# Avast use on 2 computers.



## LouCopits (Jul 20, 2005)

If I download Avast to a thumb drive can I install that copy on both my home desktop and my backup/travel old laptop, or must I download two copies?


----------



## MikeSwim07 (Apr 28, 2007)

You can download the .exe to your flashdrive and then install it on both computers.


----------



## LouCopits (Jul 20, 2005)

My concern is the activation key and if one key would work on two copies.


----------



## MikeSwim07 (Apr 28, 2007)

Oh your buying it. No you would need to buy 2 keys for 2 computers.


----------



## Cinders (Aug 14, 2002)

I have Avast Home (free edition) on two computers, no problem.
One was downloaded & installed on desktop 6 months ago 
One was downloaded & installed on laptop 4 weeks ago
Different activation key nos.

Hope this helps

Cinders


----------



## LouCopits (Jul 20, 2005)

MikeSwim07 said:


> Oh your buying it.
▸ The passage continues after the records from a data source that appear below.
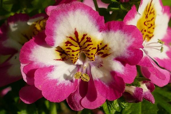 Schizanthus X wisetonensis : le plus cultivé des schizanthus, est un hybride entre S. pinnatus et S. grahamii. Cette plante touffue de 30 cm de hauteur, à port pyramidal, fournit une extraordinaire floraison faite de fleurs de 6 à 7 cm allant du rose saumon au rouge carmin, unies ou panachées de pourpre.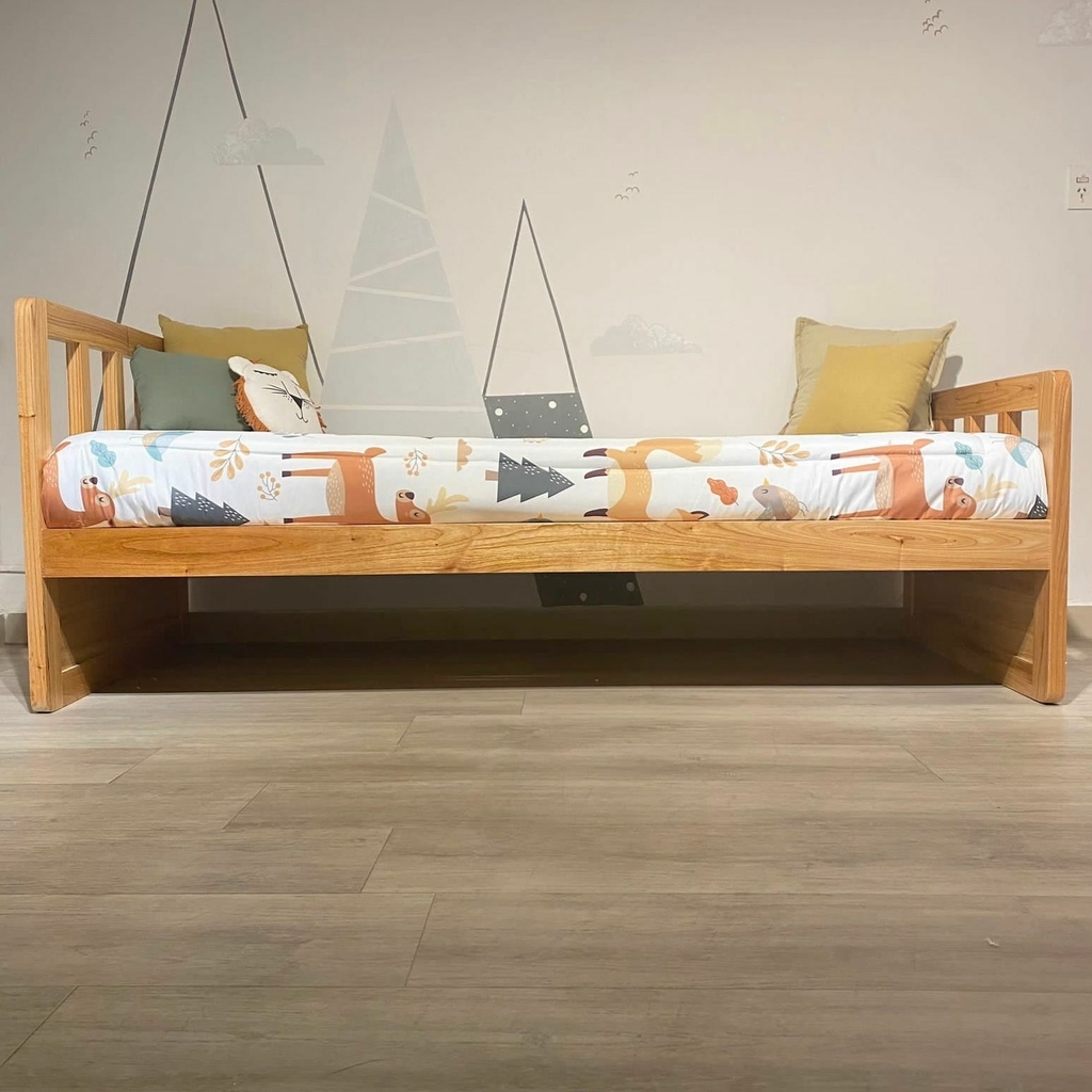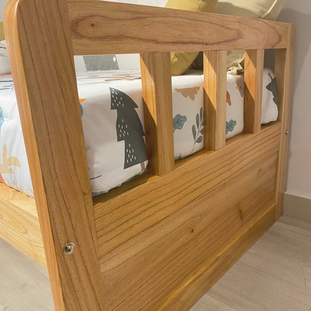 La cama individual Vito es una opción ideal para quienes buscan un mueble duradero y funcional. Fabricada en madera maciza Paraíso, esta cama combina robustez y elegancia. Recomendada para los peques a partir de los 3 años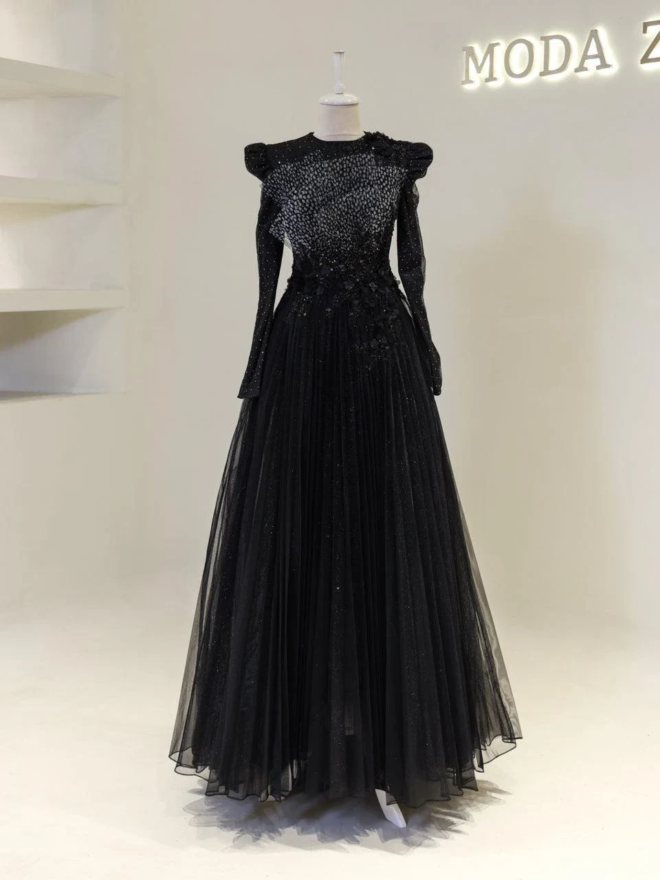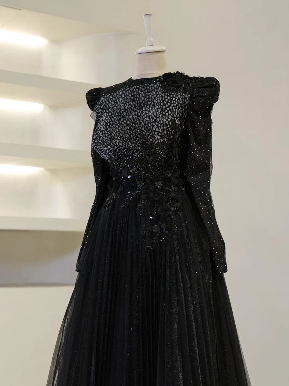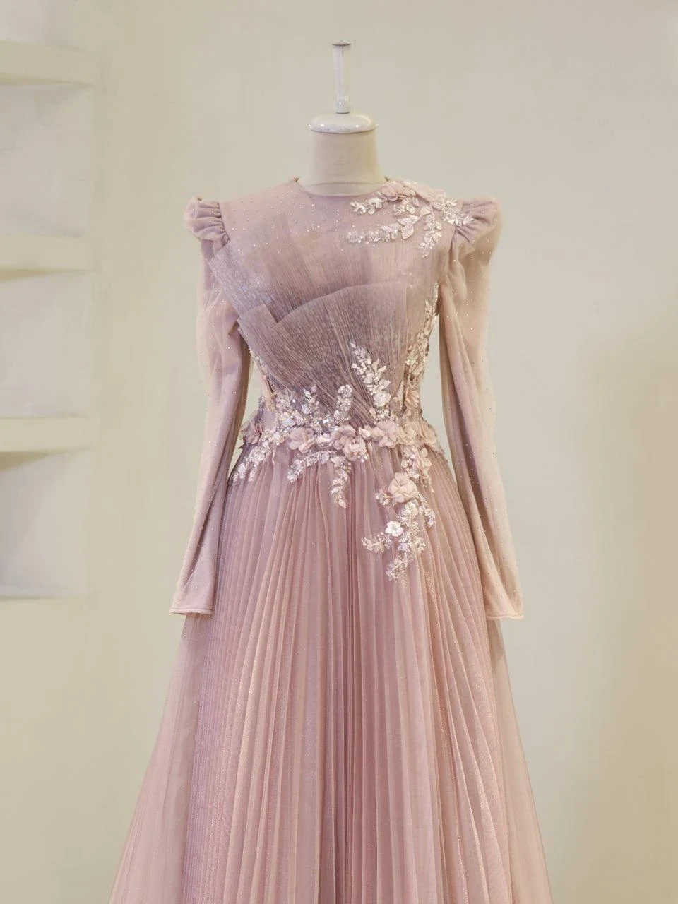 The Couture Misra Modest Evening Dress is designed to offer elegance and comfort. It is crafted from orchid fabric and includes a lining for added comfort. The dress has an average front length of 160 cm and an average back length of 180 cm, providing a sophisticated silhouette. The dress features a pleated skirt and a zipper closure at the back. The embellishments are securely attached, ensuring durability.

No you would need to buy 2 keys for 2 computers.


Sorry I was not clear. I'm looking at the FREE version to install on two different computers, one laptop and one desktop, both with Grisoft AVG Free at this time.


----------



## sraets (Aug 25, 2007)

From the Avast website:

Q: I have "avast! 4 Home" installed on my home computers and have entered the same license key on all of them. Does using the same license key on more than one computer harm the avast! functionality or updating capabilities in any way?

A: No, it doesn't. The registration of "avast! 4 Home" is implemented due to processing statistics. The same license key on more computers (provided they are used for non-commercial purposes and in home use only) doesn't harm the avast! functionality or ability to update in any way.


----------



## MikeSwim07 (Apr 28, 2007)

Thats good news! It looks like you can use this key on both


----------



## LouCopits (Jul 20, 2005)

sraets said:


> From the Avast website:
> 
> Q: I have "avast! 4 Home" installed on my home computers and have entered the same license key on all of them. Does using the same license key on more than one computer harm the avast! functionality or updating capabilities in any way?
> 
> A: No, it doesn't. The registration of "avast! 4 Home" is implemented due to processing statistics. The same license key on more computers (provided they are used for non-commercial purposes and in home use only) doesn't harm the avast! functionality or ability to update in any way.


THANKS for a very precise reply!


----------